I can attach dtb and decompiled dts from one of it, if it can help.



> > > > Index: sys/arch/arm64//arm64/cpu.c
> > > > ===
> > > > RCS file: /cvs/src/sys/arch/arm64/arm64/cpu.c,v
> > > > retrieving revision 1.98
> > > > diff -u -p -r1.98 cpu.c
> > > > --- sys/arch/arm64//arm64/cpu.c   10 Aug 2023 19:29:32 -  
> > > > 1.98
> > > > +++ sys/arch/arm64//arm64/cpu.c   25 Sep 2023 13:24:39 -
> > > > @@ -1096,6 +1096,8 @@ cpu_start_secondary(struct cpu_info *ci,
> > > >  void
> > > >  cpu_boot_secondary(struct cpu_info *ci)
> > > >  {
> > > > + int i;
> > > > +
> > > >   atomic_setbits_int(>ci_flags, CPUF_GO);
> > > >   __asm volatile("dsb sy; sev" ::: "memory");
> > > >
> > > > @@ -1105,8 +1107,16 @@ cpu_boot_secondary(struct cpu_info *ci)
> > > >*/
> > > >   arm_send_ipi(ci, ARM_IPI_NOP);
> > > >
> > > > - while ((ci->ci_flags & CPUF_RUNNING) == 0)
> > > > + for (i = 1000; (!(ci->ci_flags & CPUF_RUNNING)) && i>0;i--) {
> > > >   __asm volatile("wfe");
> > > > + }
> > > > + if (! (ci->ci_flags & CPUF_RUNNING)) {
> > > > + printf("cpu %d failed to start\n", ci->ci_cpuid);
> > > > +#if defined(MPDEBUG) && defined(DDB)
> > > > + printf("dropping into debugger; continue from here to 
> > > > resume boot\n");
> > > > + db_enter();
> > > > +#endif
> > > > + }
> > > >  }
> > > >
> > > >  void
> > > >
> > > >
> >


bober.patched.dts
Description: audio/vnd.dts


bober.patched.dtb
Description: Binary data


Re: [patch] [arm64] cpu.c patch based on amd64 idea, provides more debug for multicore kernel

2023-10-05 Thread Mark Kettenis
> From: S V 
> Date: Thu, 5 Oct 2023 12:58:51 +0300
> 
> чт, 5 окт. 2023 г., 09:59 Mark Kettenis :
> >
> > > Date: Thu,  5 Oct 2023 04:10:10 +
> > > From: Klemens Nanni 
> > >
> > > On Mon, Sep 25, 2023 at 01:33:31PM +, Klemens Nanni wrote:
> > > > On Tue, Jul 25, 2023 at 01:30:43PM +0300, Slava Voronzoff wrote:
> > > > > Hi, pinging and refreshing this patch
> > > > >
> > > > > What it does:
> > > > > allow arm64 cpus to break from the loop of waiting to start core and
> > > > > drop to DDB or OS.
> > > > >
> > > > > Patch based on same concept in amd64 cpu.c
> > > > >
> > > > > Any suggestions?
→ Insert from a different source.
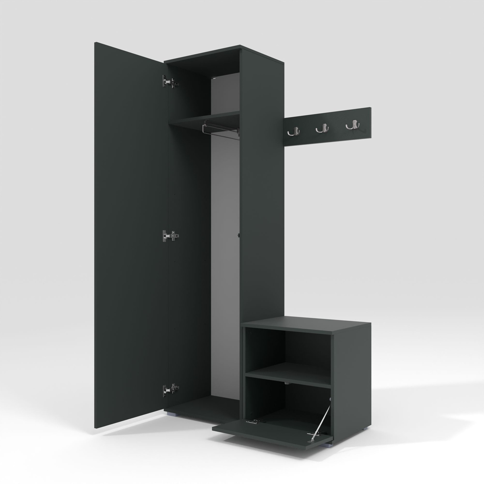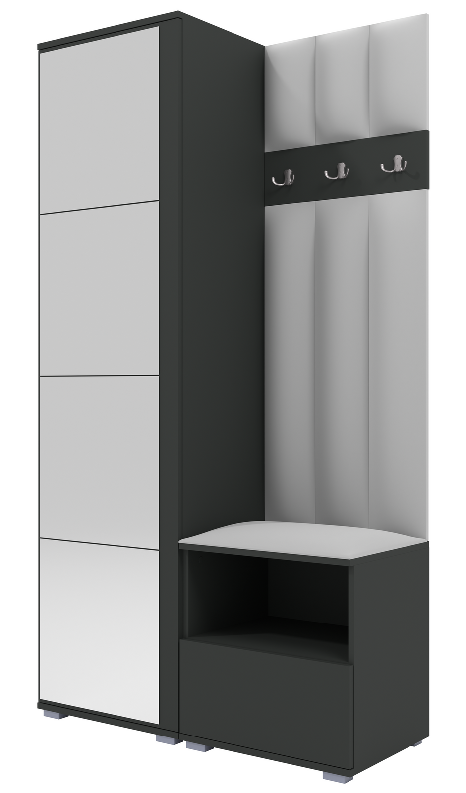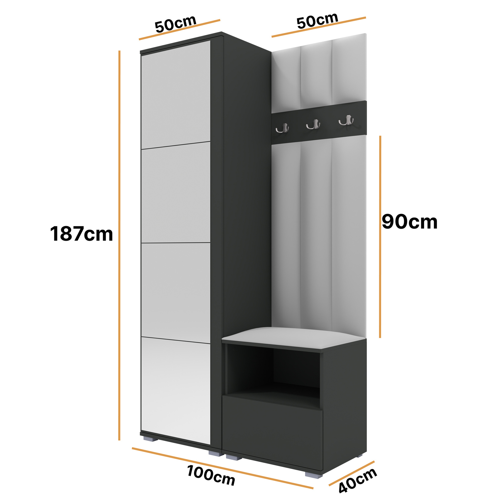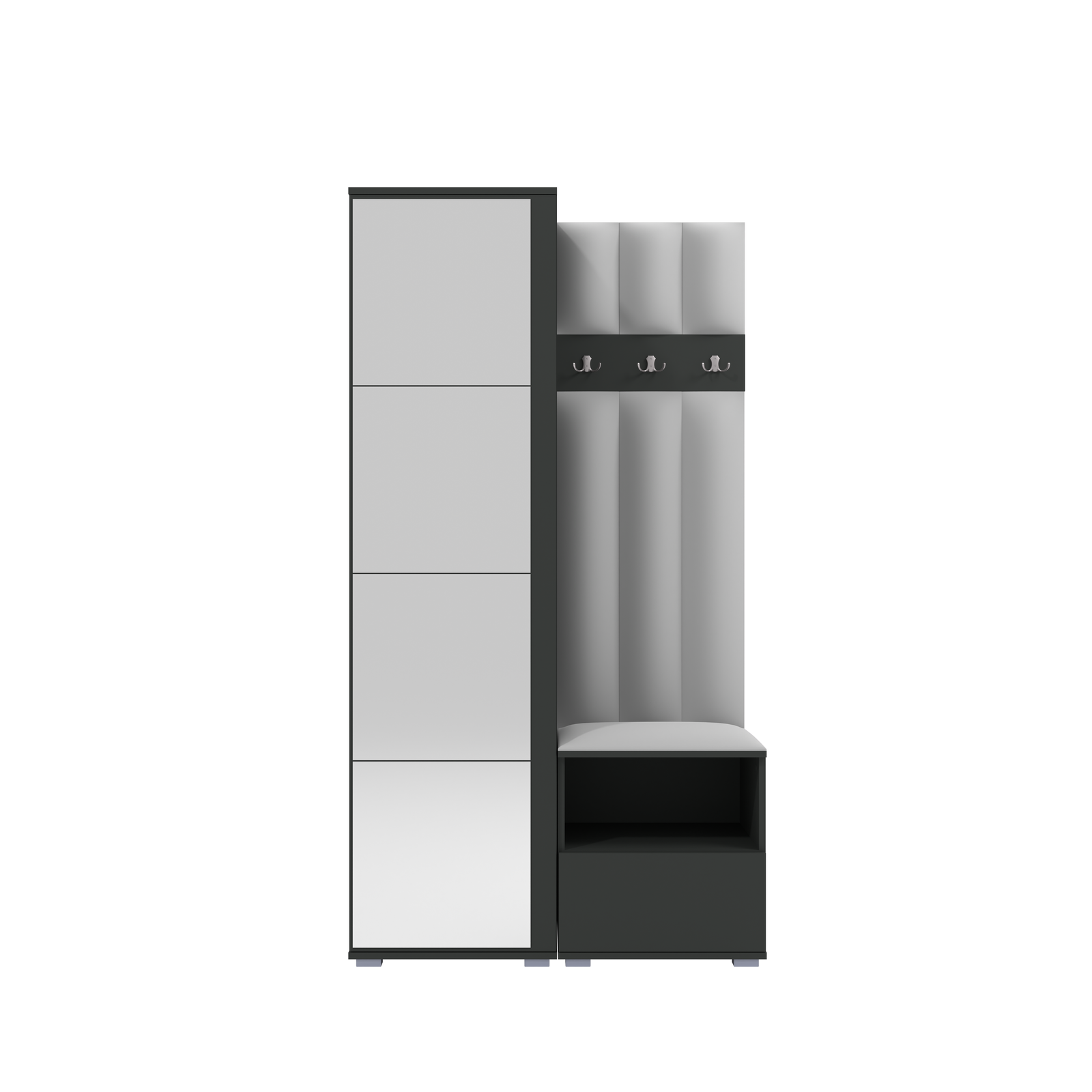 • Stilvoller Garderoben-Set mit gepolsterten Paneelen in Graphit. Mit hohem Schrank mit Spiegel, Sitzbank mit Schuhschrank und Kleiderhaken. Die ideale Wahl für alle, die Eleganz und Funktionalität schätzen.

Good to go?
> > > >
> > > > So instead of waiting possibly forever for secondary CPUs to come up,
> > > > you can continue debug the system and/or continue boot with less CPUs.
> > > >
> > > > Apart from the trailing empty line you introduce, the approach does
> > > > match amd64 (down to the for loop lacking a space after semicolon).
> > > >
> > > > That allows making progress on these machines and I don't see a 
> > > > downside,
> > > > so OK kn modulo the empty line.
> > > >
> > > > Any input from our arm64 hackers?
> > > >
> > > > Same diff ten days ago: 
> > > > https://marc.info/?l=openbsd-bugs=169465443200821=2
> > >
> > > Anyone?
> >
> > Really, if those secondary CPUs don't come up, your system is beyond
> > repair.  You need to do some low-level debugging at that point and DDB
> > isn't going to help you.  So no, let's keep this code as simple as we
> > can.
> >
> 
> This cores are starting and working properly,
> but something messes with order
> (maybe related to shared caches per 2 cores cluster, I'm not so
> hardware-good ).
> So 7th core will answer that it booted after 6th core.
> But with 'while' loop we never got to 6th core.

That suggests that the interrupt that we think we're sending to the
6th core is actually going to the 7th core and vice-versa.  Feels like
a firmware bug to me.  What hardware is this on?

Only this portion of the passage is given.